1. Preceptor do Grupo de Cirurgia de Joelho da Santa Casa de Misericórdia da Bahia - Salvador (BA), Brasil.
2. Professor Adjunto Doutor da Escola Bahiana de Medicina e Saúde Pública - EBMSP - Salvador (BA), Brasil.
3. Residentes da Santa Casa de Misericórdia da Bahia - Salvador (BA), Brasil.
Endereço para correspondência: Prof. Marcos Almeida Matos, Rua da Ilha, 378, Casa 21 - Itapuã - 41750-080 - Salvador (BA), Brasil. E-mail: malmeidamatos@ig.com.br

INTRODUÇÃO

O ligamento cruzado anterior (LCA) é responsável por cerca de 85% da estabilização anterior do joelho(1). Sua lesão geralmente está associada a hemartrose, lesão meniscal, condral e capsuloligamentares(2-9). Após a ruptura do LCA, ocorre sobrecarga mecânica de outras estruturas internas do joelho que funcionam como estabilizadores secundários, a exemplo do corno posterior do menisco medial(10-11). Essa sobrecarga, ao longo do tempo, pode ser fator desencadeante de novas lesões associadas à instabilidade anterior do joelho.

Daniel et al documentaram as alterações radiográficas que surgem em joelhos com insuficiência do LCA muito tempo após a lesão inicial(6). Porém, há trabalhos que buscaram correlacionar as lesões condrais e/ou meniscais com a instabilidade anterior, o que produziria aumento dessas lesões com o passar do tempo(7).

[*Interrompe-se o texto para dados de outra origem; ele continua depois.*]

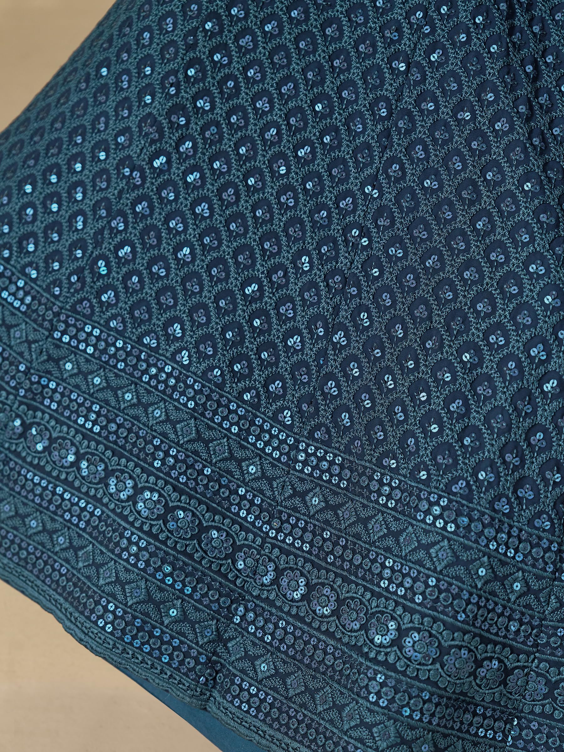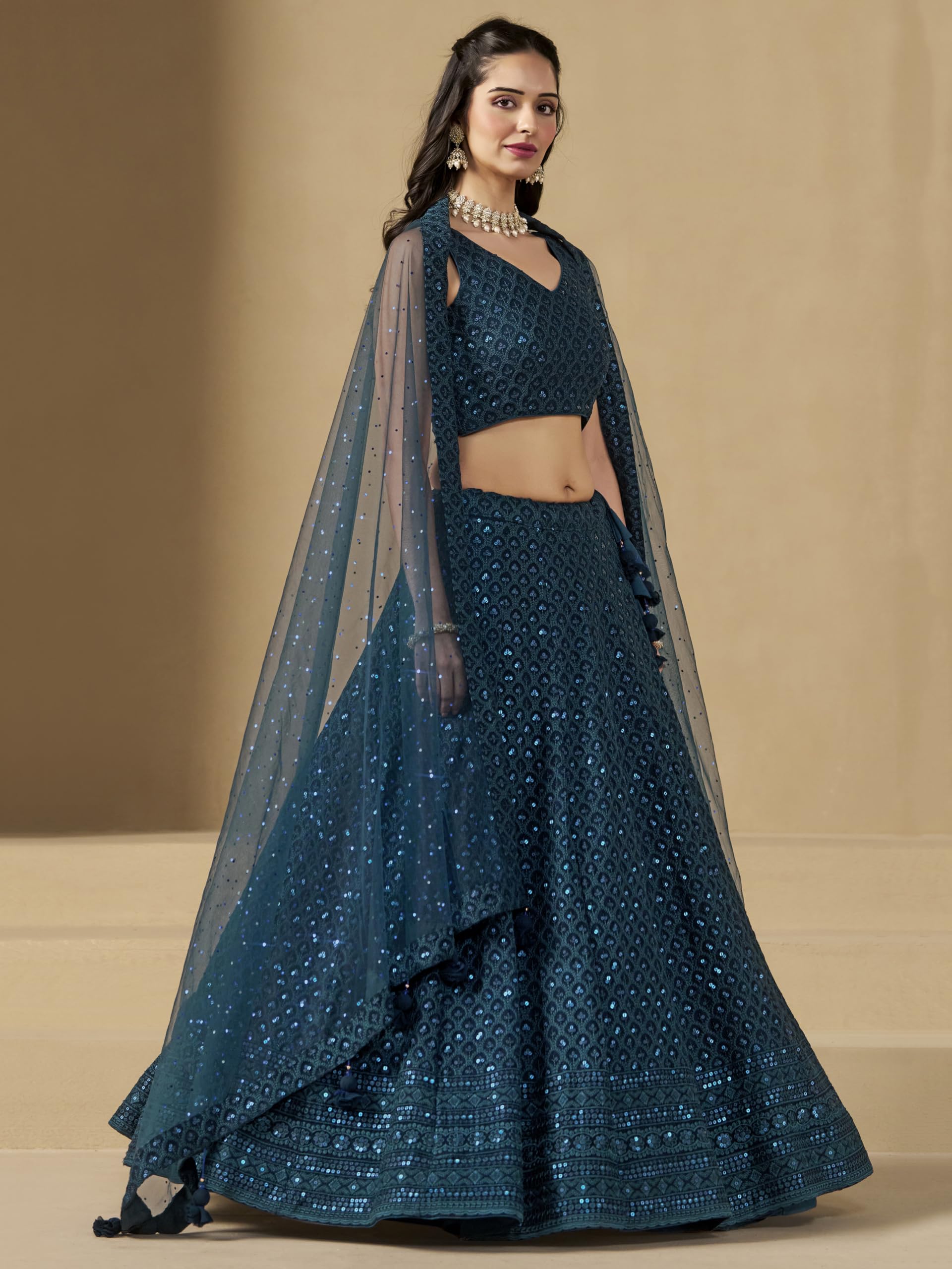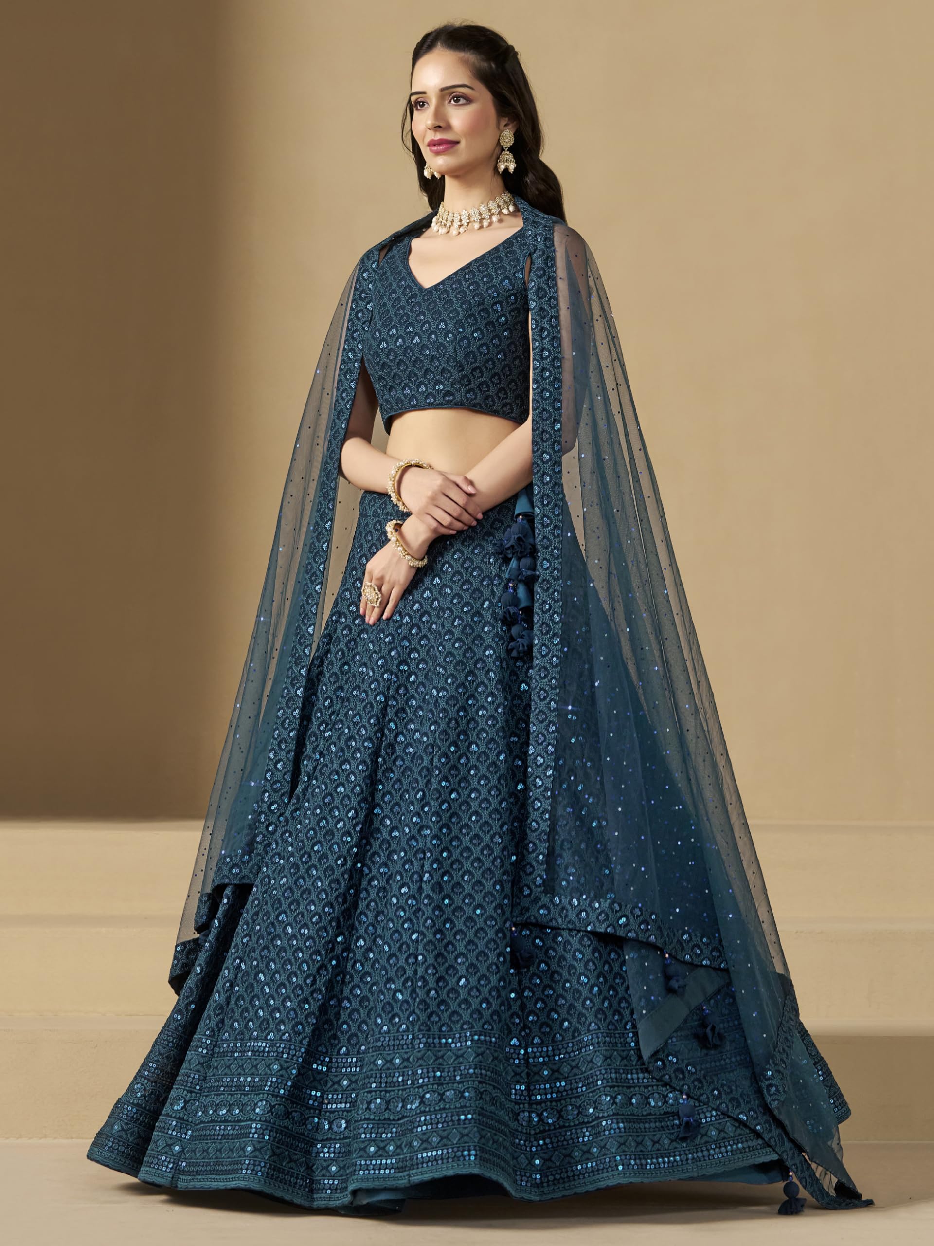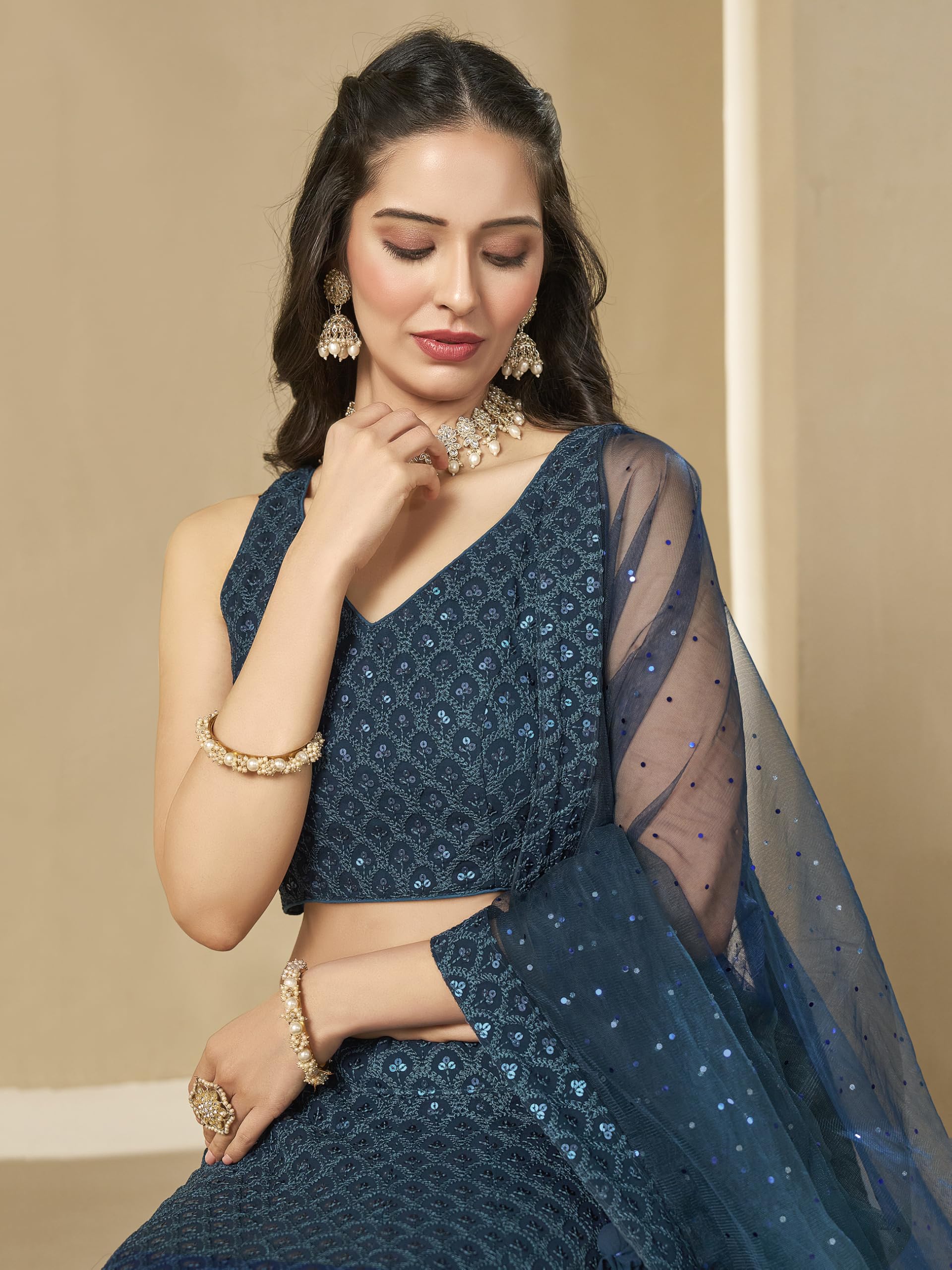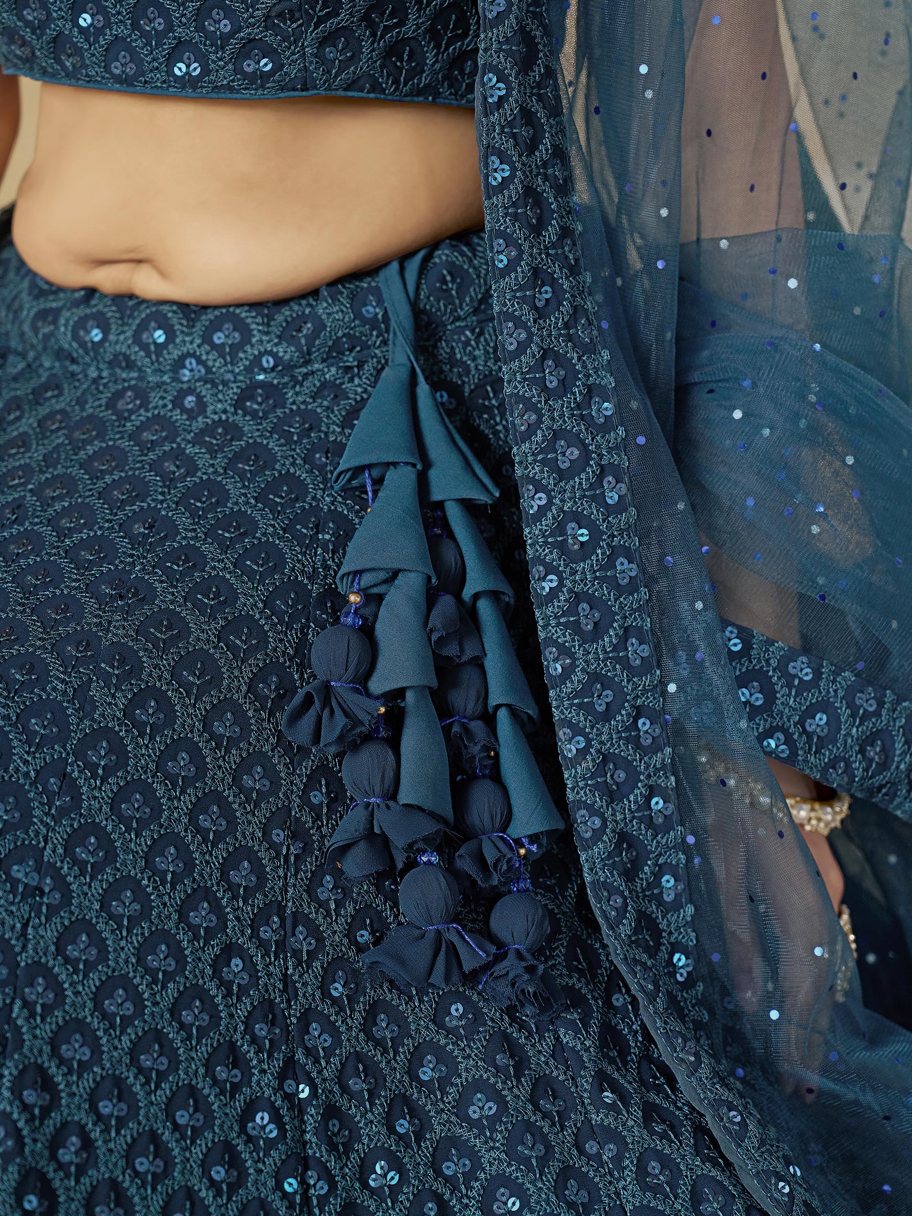 Zeel Clothing Women's Sequins Thread Embroidered Georgette Lehenga Choli With Dupatta (5124-Blue-Women-Lehenga-Choli-New; Free size) (Blue)

O objetivo de nosso trabalho é verificar se há aumento na freqüência de outras lesões articulares associadas à ruptura do LCA em função do tempo de instabilidade anterior do joelho.

MÉTODOS

Foi realizado estudo clínico retrospectivo que incluiu pacientes atendidos no Ambulatório de Joelho da Santa Casa de Misericórdia da Bahia/Escola Bahiana de Medicina e Saúde Pública no período de março de 2001 a abril de 2003. Obtevese consentimento pós-informação dos pacientes e/ou responsáveis, sendo que o estudo foi aprovado pela Comissão de Ética em Pesquisa do Hospital.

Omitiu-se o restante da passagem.